Der fränkische Mönch Ermentarius von Normoutier beklagte 860, dass die Wikinger Bordeux, Périgueux, Limoges, Angoulême und Toulouse eroberten und Angers, Tours und Orleans ausgelöscht haben.

Paris und andere wichtige Städte wurden eingenommen und starke Festungen dem Erdboden gleich-gemacht. Die Aufzählung des Mönches über eroberte, geplünderte oder zerstörte Städte wollte kein Ende nehmen.

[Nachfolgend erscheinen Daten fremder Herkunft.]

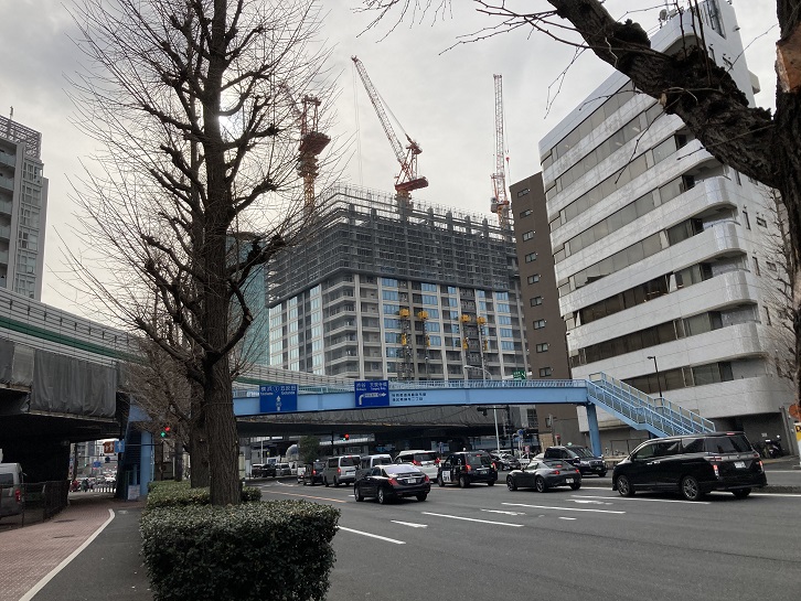 国道1号線は高輪台交差点で南西方向に向きを変え、五反田駅までの長い坂を下ります。昔は坂の途中にセメダインの本社があり、五反田駅からも屋上の社名の看板が目立っていました。今は大崎に移転し、跡地はマンションになったらしいです。
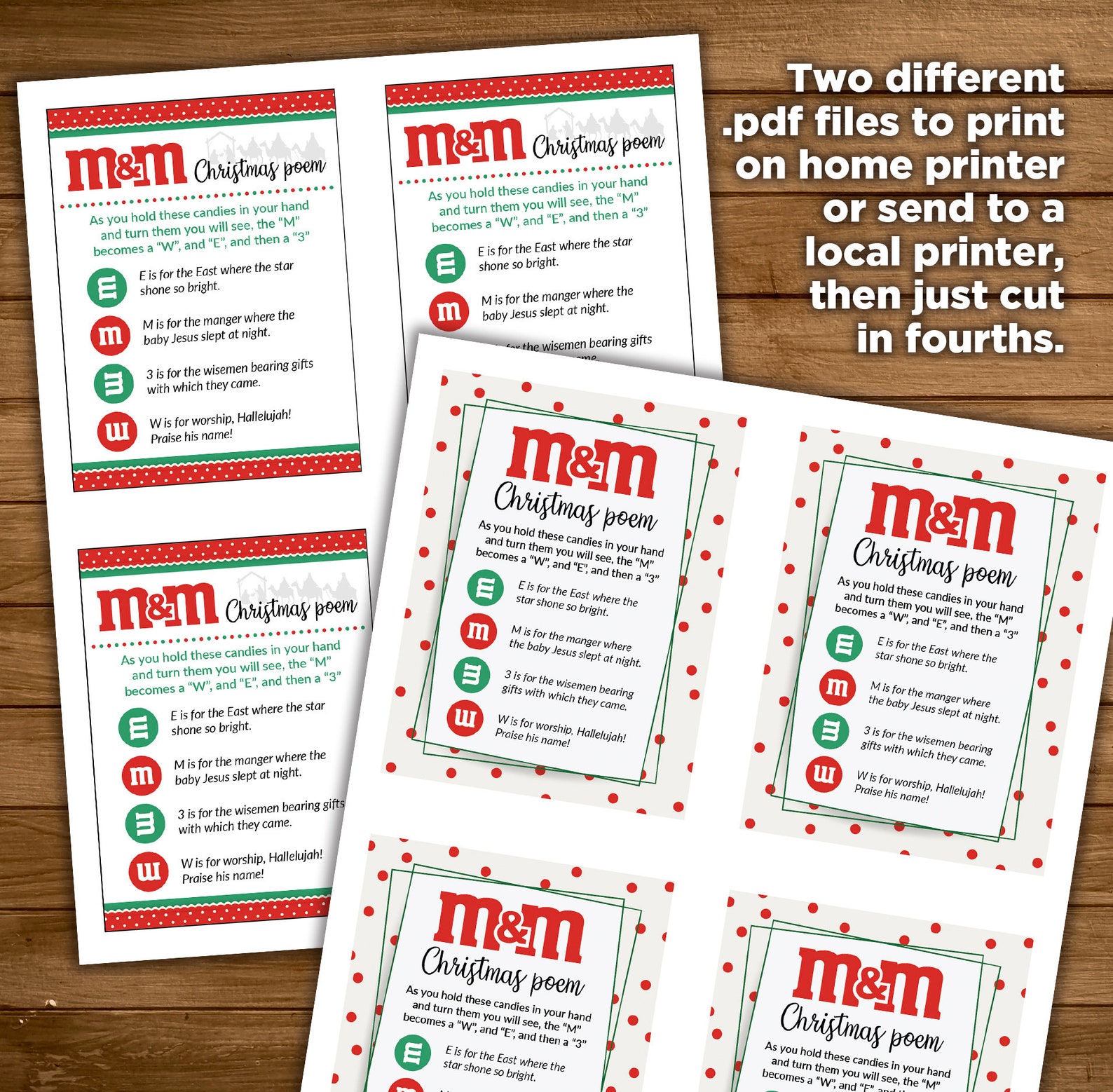 M M Christmas Candy Nativity Poem: Instant Download Gift Tag Christmas

Die Fränkischen Herrscher waren weitgehend macht-los und begannen Wikinger gegen Wikinger einzusetzen. So erhielt Harald vom Karolinger Ludwig dem Frommen 826 eine Landschenkung in Friesland, Haralds Bruder Roric wurde 850 das friesische Dorestadt überlassen.

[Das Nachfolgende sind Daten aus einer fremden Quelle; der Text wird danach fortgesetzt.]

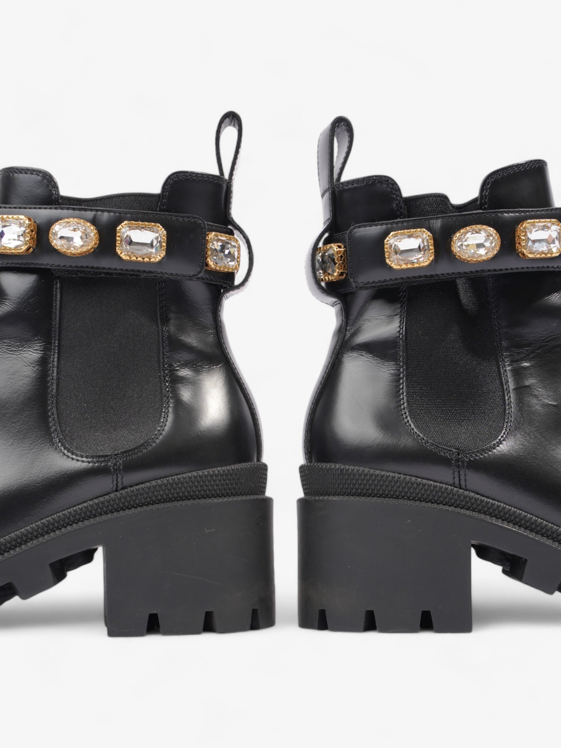Gucci GG Crystal Ankle Boots Black / Gold Leather EU 37.5 UK 4.5

Karl III übertrug dem Wikinger Rollo ein Gebiet im Osten der heutigen Normandie. Als Rollo 924 die Macht an seinen Sohn weitergab, hatte er bereits den größten Teil der Normandie unterworfen. Bis 933 hatten sich die Normannen schließlich unter Führung Wilhelms die ganze Normandie einverleibt.

Mit der Entstehung der Normannischen und skandinavischen Reiche hatten die wilden Zeiten marodierender Wikingerhorden weitestgehend ihr Ende gefunden. Die nun stattfindenden Kriege waren sicherlich nicht weniger grausem, hatten aber einen anderen Charakter. Nun ging es um Politik, Machtansprüche und territoriale Herrschaft, die mithilfe gut organisierter und ausgerüsteter Heere ausgetragen wurden.